Future estimates of fair value could be adversely affected if the actual outcome of one or more of the assumptions described above changes materially in the future, including a decline in the Company’s stock price and the fair value of its long-term debt, an increase in the volatility of the Company’s stock price and the fair value of its long-term debt, lower than expected hospital volumes and/or net operating revenues, higher market interest rates or increased operating costs. Such changes impacting the calculation of fair value, the risks of which may be amplified by the COVID-19 pandemic, could result in a material impairment charge in the future.

The determination of fair value of the Company’s hospital operations reporting unit as part of its goodwill impairment measurement represents a Level 3 fair value measurement in the fair value hierarchy due to its use of internal projections and unobservable measurement inputs.

Intangible Assets

No intangible assets other than goodwill were acquired during the years ended December 31, 2021 and 2020. The gross carrying amount of the Company’s other intangible assets subject to amortization was $1 million at both December 31, 2021 and 2020, and the net carrying amount was less than $1 million at both December 31, 2021 and 2020. The carrying amount of the Company’s other intangible assets not subject to amortization was $54 million and $53 million at December 31, 2021 and 2020, respectively. Other intangible assets are included in other assets, net on the Company’s consolidated balance sheets. Substantially all of the Company’s intangible assets are contract-based intangible assets related to operating licenses, management contracts, or non-compete agreements entered into in connection with prior acquisitions. 

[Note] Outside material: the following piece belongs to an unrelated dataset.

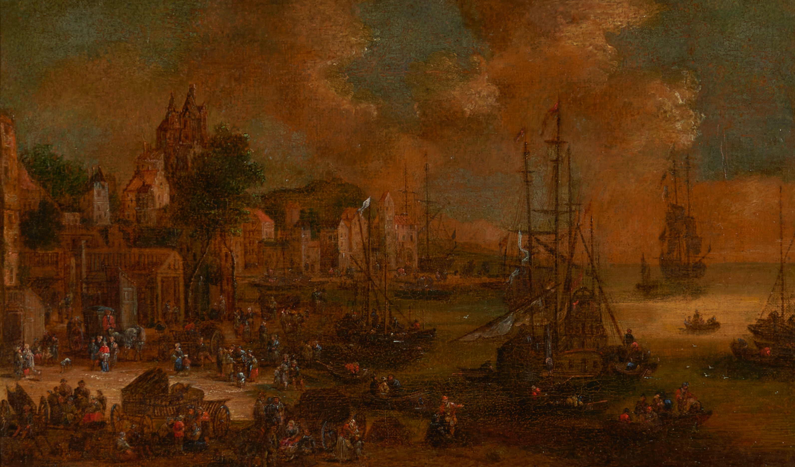 A view of a port with boats, buildings and figures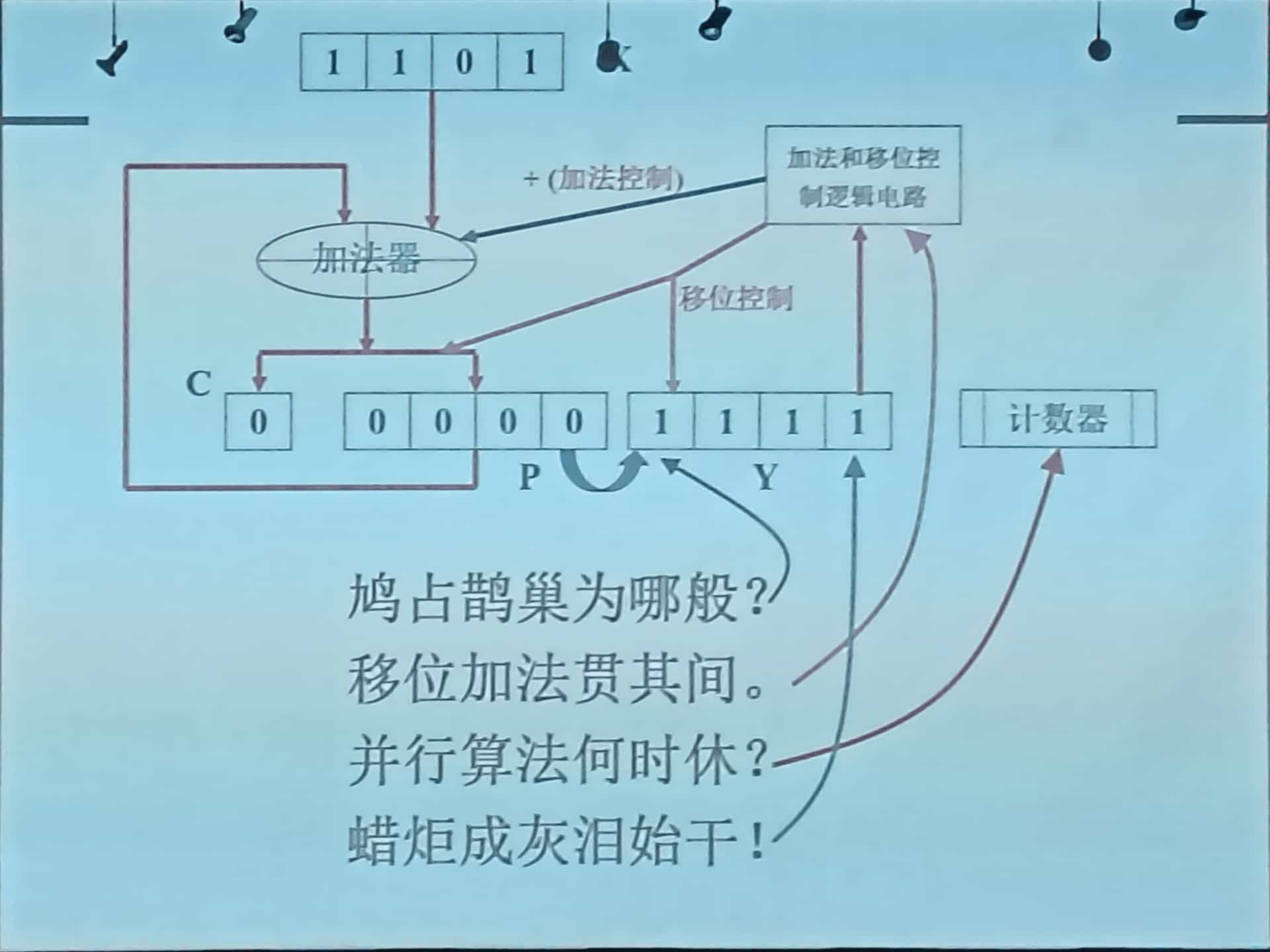 一周后整理的,全忘干净了,笔记也看不懂。只记得乘法器很有意思,没有一位的空间是浪费的,绝妙。

The weighted-average remaining amortization period for the intangible assets subject to amortization is approximately three years. There are no expected residual values related to these intangible assets. Amortization expense on these intangible assets was less than $1 million, less than $1 million and $1 million during the years ended December 31, 2021, 2020 and 2019, respectively. Amortization expense on intangible assets is estimated to be less than $1 million in 2022.  

The gross carrying amount of capitalized software for internal use was approximately $992 million and $1.1 billion at December 31, 2021 and 2020, respectively, and the net carrying amount was approximately $215 million and $251 million at December 31, 2021 and 2020, respectively. The estimated amortization period for capitalized internal-use software is generally three years. There is no expected residual value for capitalized internal-use software.  At December 31, 2021, there were approximately $79 million of capitalized costs for internal-use software that is currently in the development stage and will begin amortization once the software project is complete and ready for its intended use. Amortization expense on capitalized internal-use software was $108 million, $123 million and $121 million during the years ended December 31, 2021, 2020 and 2019, respectively. Amortization expense on capitalized internal-use software is estimated to be $90 million in 2022, $62 million in 2023, $40 million in 2024, $9 million in 2025, $7 million in 2026 and $7 million thereafter.